— WHAT TO DO —
Output the data below exactly as it is, dropping the pictures from your copy.

— AVAILABLE DATA —
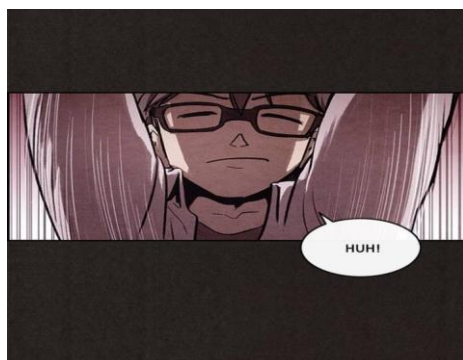
Figure 12. Data 9

because icon is a sign which resembles the object, while the character in Webtoon is figurative image and resembles the object, therefore it is an icon. Rheme stands for its object in respect of quality. After identifying the signs, I apply 3 steps of analysis model, among others; the first step is analyzing non-verbal communication legisign . In this Webtoon it was analyzed based on Hyun Soo's facial expression and an old man's facial expression. According to Joumana Medlej in human anatomy fundamentals series (Envato, 2021), Hyun Soo shows ecstatic expression, it can be seen by his true broad smile, visible teeth that are a strong sign of happiness, but he also looks awkward in front of the old man. While the old man looks upset, it can be seen by the heads of the eyebrows move down, and the jaw is tensed into biting posture that pushes the lower lip forward and makes the mouth curve down. The next step is analyzing the framing technique. The frame takes Hyun Soo smiling awkwardly. The last step is analyzing the communicative act. The verbal sign that found in the Webtoon is the caption in the balloon speech "sir, could you excuse me for a moment?" and "huh?!!". Those sentences are questions. We can conclude that the situation was so awkward and confusing.
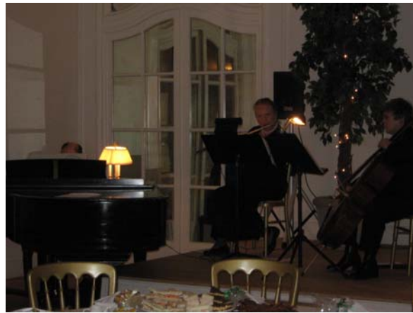
The Wind & Wood Chamber Players

— EXERCISE RESULT —
Figure 12. Data 9

because icon is a sign which resembles the object, while the character in Webtoon is figurative image and resembles the object, therefore it is an icon. Rheme stands for its object in respect of quality. After identifying the signs, I apply 3 steps of analysis model, among others; the first step is analyzing non-verbal communication legisign . In this Webtoon it was analyzed based on Hyun Soo's facial expression and an old man's facial expression. According to Joumana Medlej in human anatomy fundamentals series (Envato, 2021), Hyun Soo shows ecstatic expression, it can be seen by his true broad smile, visible teeth that are a strong sign of happiness, but he also looks awkward in front of the old man. While the old man looks upset, it can be seen by the heads of the eyebrows move down, and the jaw is tensed into biting posture that pushes the lower lip forward and makes the mouth curve down. The next step is analyzing the framing technique. The frame takes Hyun Soo smiling awkwardly. The last step is analyzing the communicative act. The verbal sign that found in the Webtoon is the caption in the balloon speech "sir, could you excuse me for a moment?" and "huh?!!". Those sentences are questions. We can conclude that the situation was so awkward and confusing.
The Wind & Wood Chamber Players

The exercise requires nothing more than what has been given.